Republic Bank says the application of taxes on the maturity of its Tax Incentive Savings Plan (TISP) was a directive from the Board of Inland Revenue since last year.
Responding to queries from Loop, the bank said: “In late 2017, the Bank received a new directive from the BIR, regarding the application of taxes on maturity payout for all annuities including those below the specified threshold of monthly annuity payments less than $500 monthly. This directive has been implemented by the Bank and customers advised.”
TISP is a tax-deferred annuity plan, registered under the Income Tax Act which allows individual savers the ability to reduce their current tax liabilities by permitting them access to the tax deduction allowed for approved deferred annuity plans under the Act. As such, the TISP is regulated and governed by the Ministry of Finance, Board of Inland Revenue (BIR).
The bank explained that as outlined under section 28(5) of the Act, upon maturity of the said Plan, the contributor must avail of an immediate annuity for life. In addition, the Act allows for the commutation of annuities below a specified threshold. This threshold is where the monthly annuity is less than $500.
In 2006, the Board of Inland Revenue (BIR) issued a directive indicating that such commuted annuities would not be subject to tax, the bank said.
However, a new directive in 2017 changed that.
In a letter to the editor, one customer called Lynette complained about the new application of the tax.
She wrote: “Many customers are finding out when the maturity date arrives, that the Republic Bank’s Tax Incentive Savings Plan (TISP) is no longer going to be settled under the original terms they were invited to sign up. Customers were invited to participate in this plan on the understanding that at the end of five years, they could withdraw the lump sum deposited and all that it had accrued TAX-FREE. Up to last year, this was the case.”
“However, from this year, the Bank has informed customers that they received a “new directive” from the Board of Inland Revenue, which has resulted in the change to the agreement under which customers had signed. From this year customers will now receive 100 percent of all interest plus 25 percent of contribution as a tax-free free lump sum, and the residual 75 percent of contributions net of 25 percent income tax. As a result, many, if not all, customers have received at the maturity of their investment, less money than they had deposited in the first place. This was not due to market fluctuations, but solely as a result of taxation,” she wrote.
The customer said she feels the effects of the scam especially because during a time of hardship, since when she went to take out her money she was cautioned by the Bank that to do so before the maturity date would incur a penalty of 25 percent, while if she left it, I would be receiving 100 percent of the money tax free.

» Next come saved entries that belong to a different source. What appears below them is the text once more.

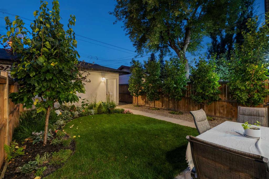 | Back Lane, Back Yard, Landscaped, Low Maintenance Landscape, Rectangular Lot, Underground Sprinklers |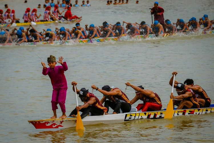 Suasana meriah Pacu Jalur Tradisional 2025 di Sungai Kuantan, Riau. Para pendayung beradu cepat mengayuh perahu tradisional, dipandu anak joki jalur yang memberi aba-aba.(Dok. Istimewa)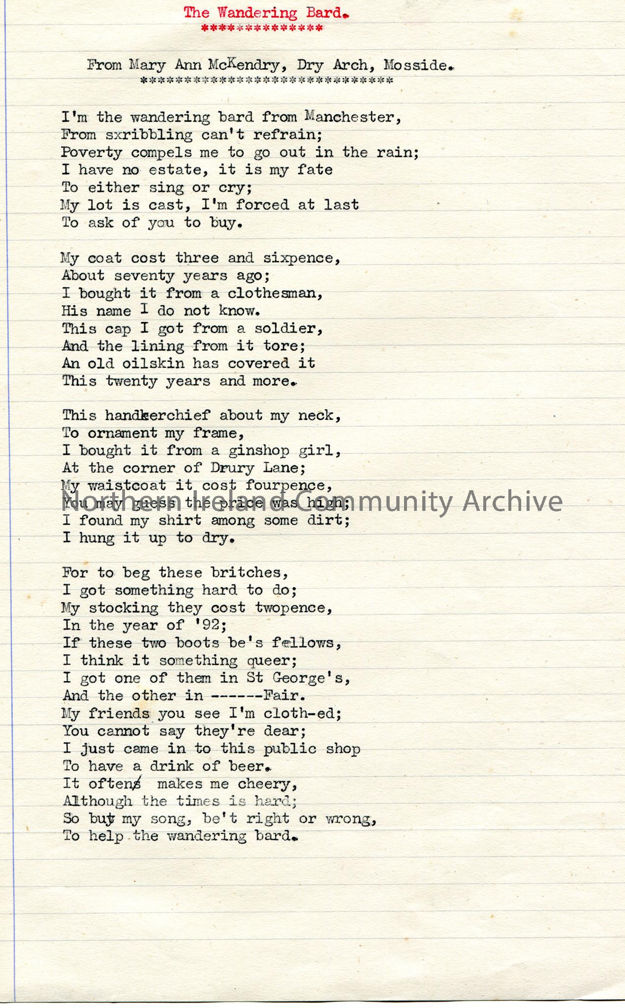 Typed poem or words to song titled, ‘The Wandering Bard’. From Mary Ann McKendry, Dry Arch, Mosside. Re the wandering bard from Manchester.
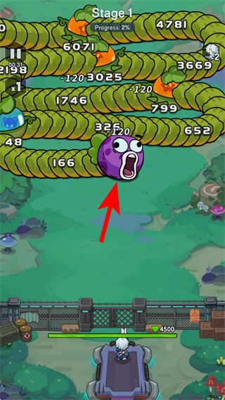 3、攻擊場景中的紫色怪物,命中后會觸發(fā)傷害數(shù)值顯示如-120,持續(xù)攻擊可削減其血量。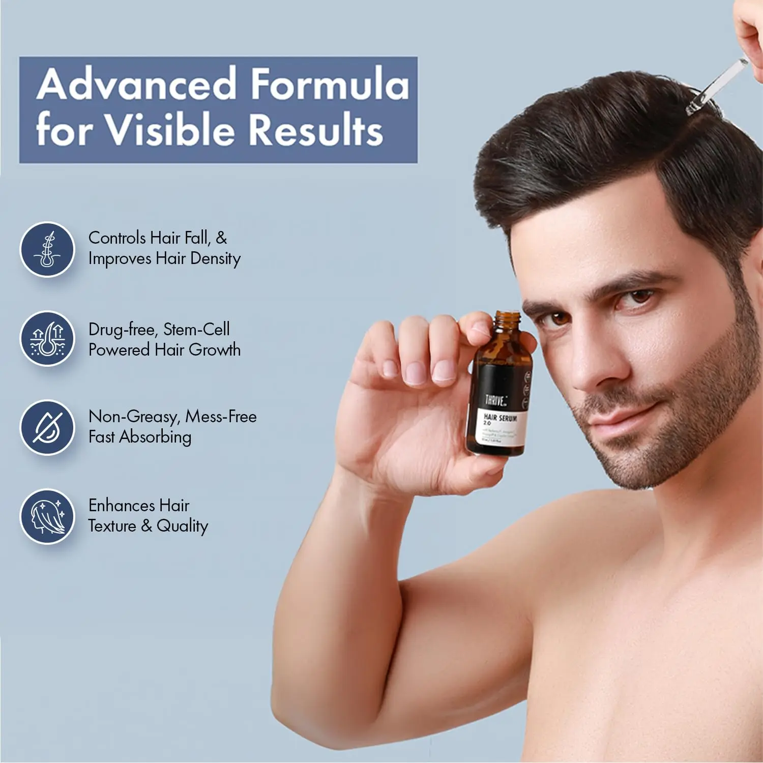 Fight hair loss and promote hair growth with our revolutionary Hair Growth Serum! This powerful formula is packed with award-winning ingredients like Redensyl, Capilia Longa, Anagain, and Procapil, working synergistically to revitalize your hair from root to tip. Our silicone-free serum restores life, volume, and density to thinning hair, helping you achieve a fuller, healthier-looking head of hair. Specifically formulated to combat hair loss by stimulating hair follicles and encouraging new hair growth, it gives the hair the volume and density that it needs. Say goodbye to lifeless, thinning hair and hello to a renewed sense of confidence. Restore the lost density with this specially formulated serum which stimulates hair growth. Applying the serum is easy; simply use the dropper to apply a generous amount directly to your scalp, focusing on areas of hair loss. Gently massage the serum into your scalp with your fingertips to ensure optimal absorption. Rinse your hands after application. For best results, incorporate this serum into your nightly routine. Apply it every night before bed to allow the powerful ingredients ample time to work their magic while you sleep. Wake up to healthier, stronger, and more vibrant hair. It’s the perfect solution to fight back against hair thinning and promote natural, healthy hair growth. Give your hair the boost it deserves and unlock its full potential with our advanced Hair Growth Serum. Transform your hair and regain your confidence, one drop at a time. Regular use is key to achieving optimal results.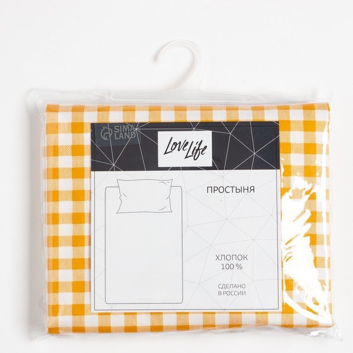 Простыня LoveLife «Клетка» 150*225 см, цв. желтый, 100% хлопок, сатин, 125г/м²
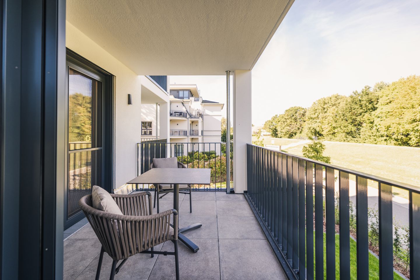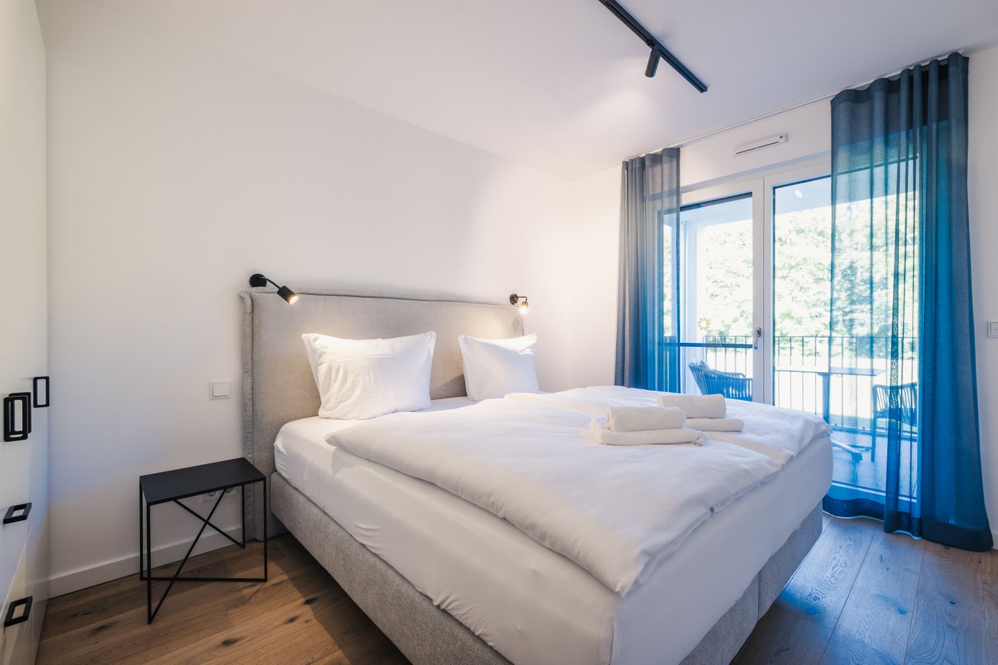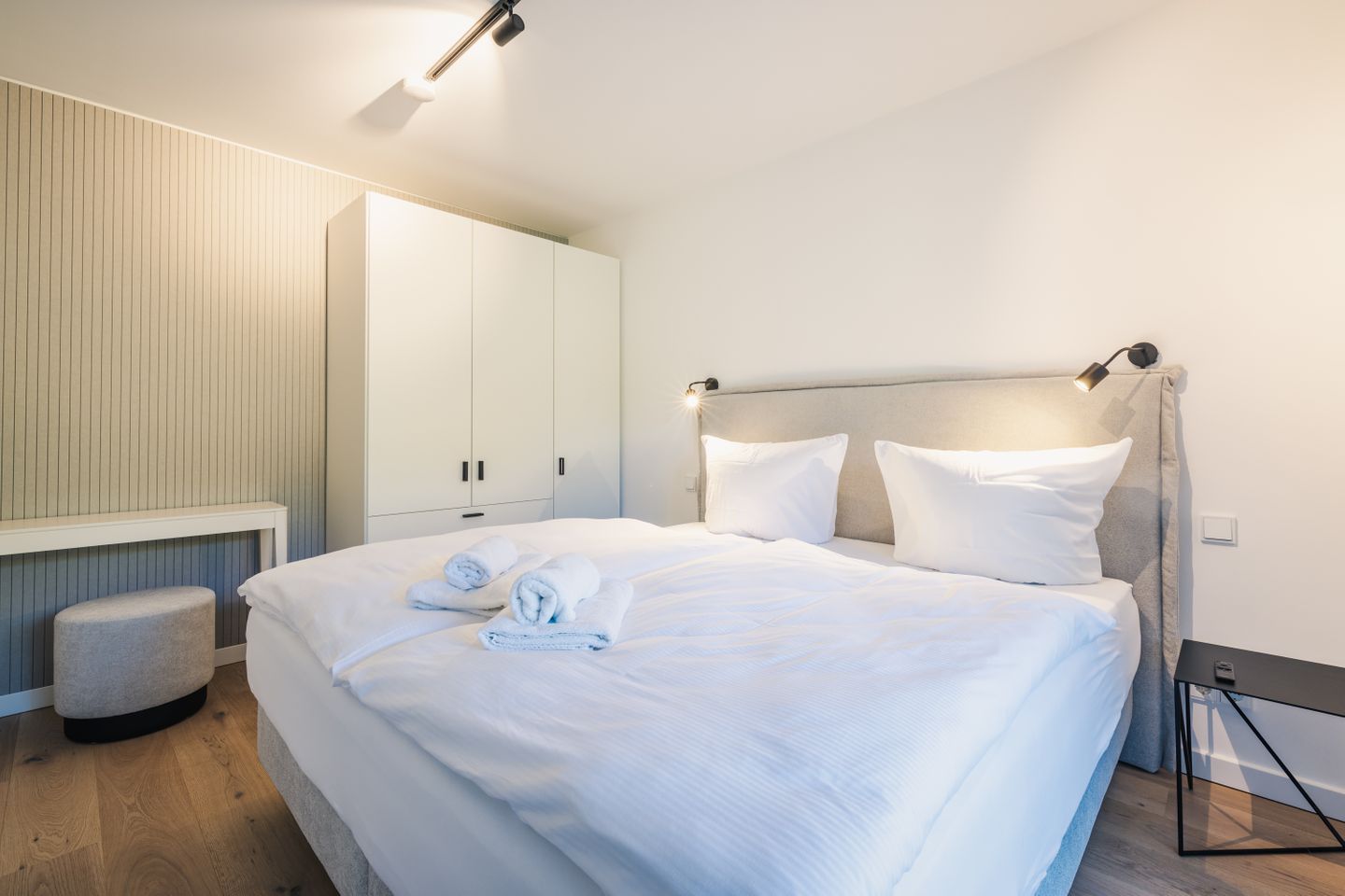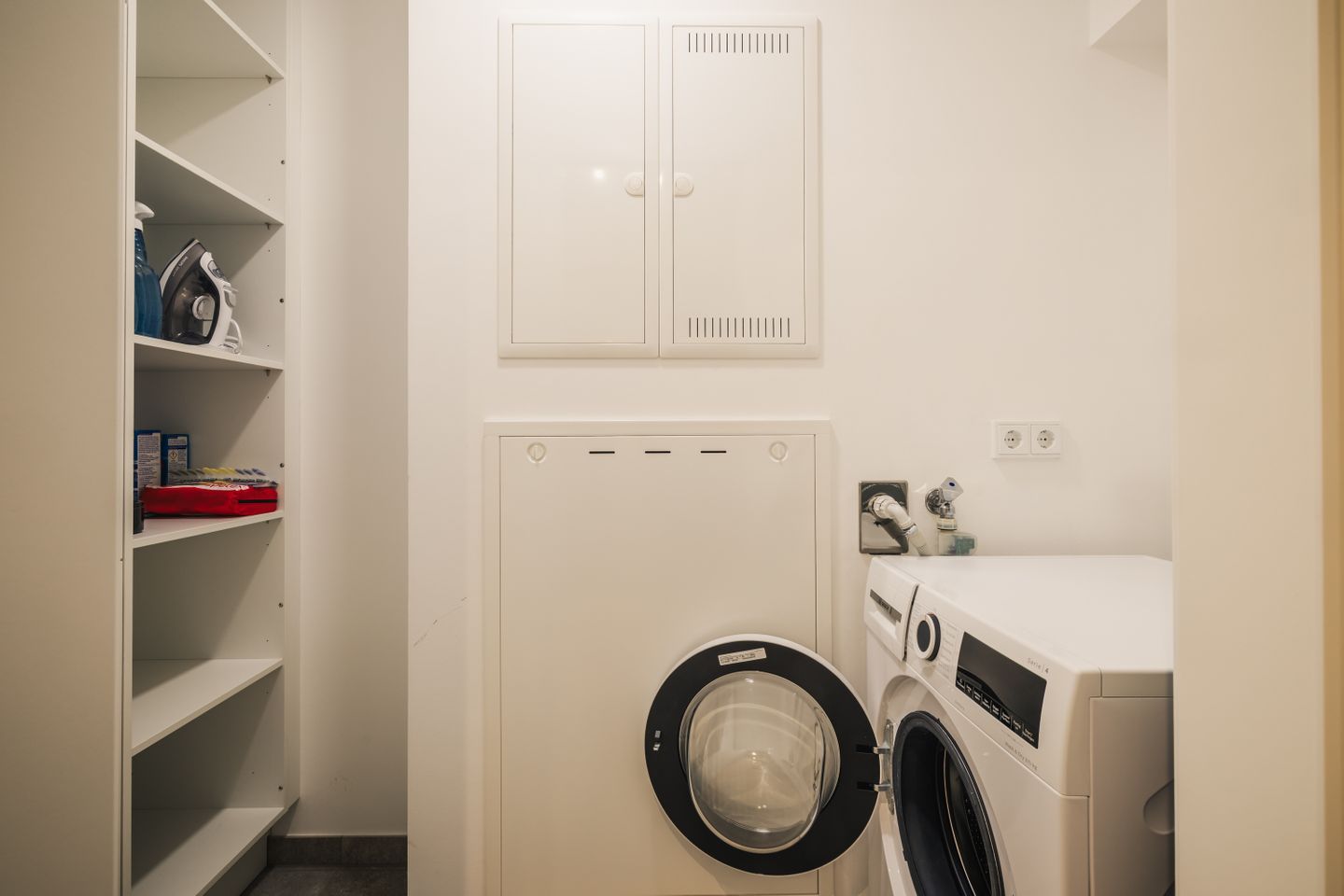 Zu den praktischen Ausstattungsmerkmalen zählen außerdem Waschmaschine und Trockner zur Eigennutzung, Bügeleisen, Bügelbrett, Garderobe, Kommode, Staubsauger, Fliegengitter sowie wichtige Sicherheitsmerkmale wie Feuermelder, Feuerlöscher und Verbandskasten. Ein Balkon mit Gartenmöbeln erweitert den Wohnraum nach außen. Für Ihre Anreise und Mobilität stehen Ihnen ein Privatparkplatz, eine Garage sowie eine E-Bike-Ladestation und eine Elektroauto-Ladestation zur Verfügung.

“I left it, not wishing to incur the penalty. Had it not been for the evidence of being told by embarrassed Bank’s representatives from more than one Branch that the rules had indeed changed since this year, I would have thought that I was grossly mistaken. I also know that I am not mistaken because one customer had the good fortune of obtaining his 100 percent tax free investment, but now faces this disappointment after being encouraged to reinvest his money,” she said.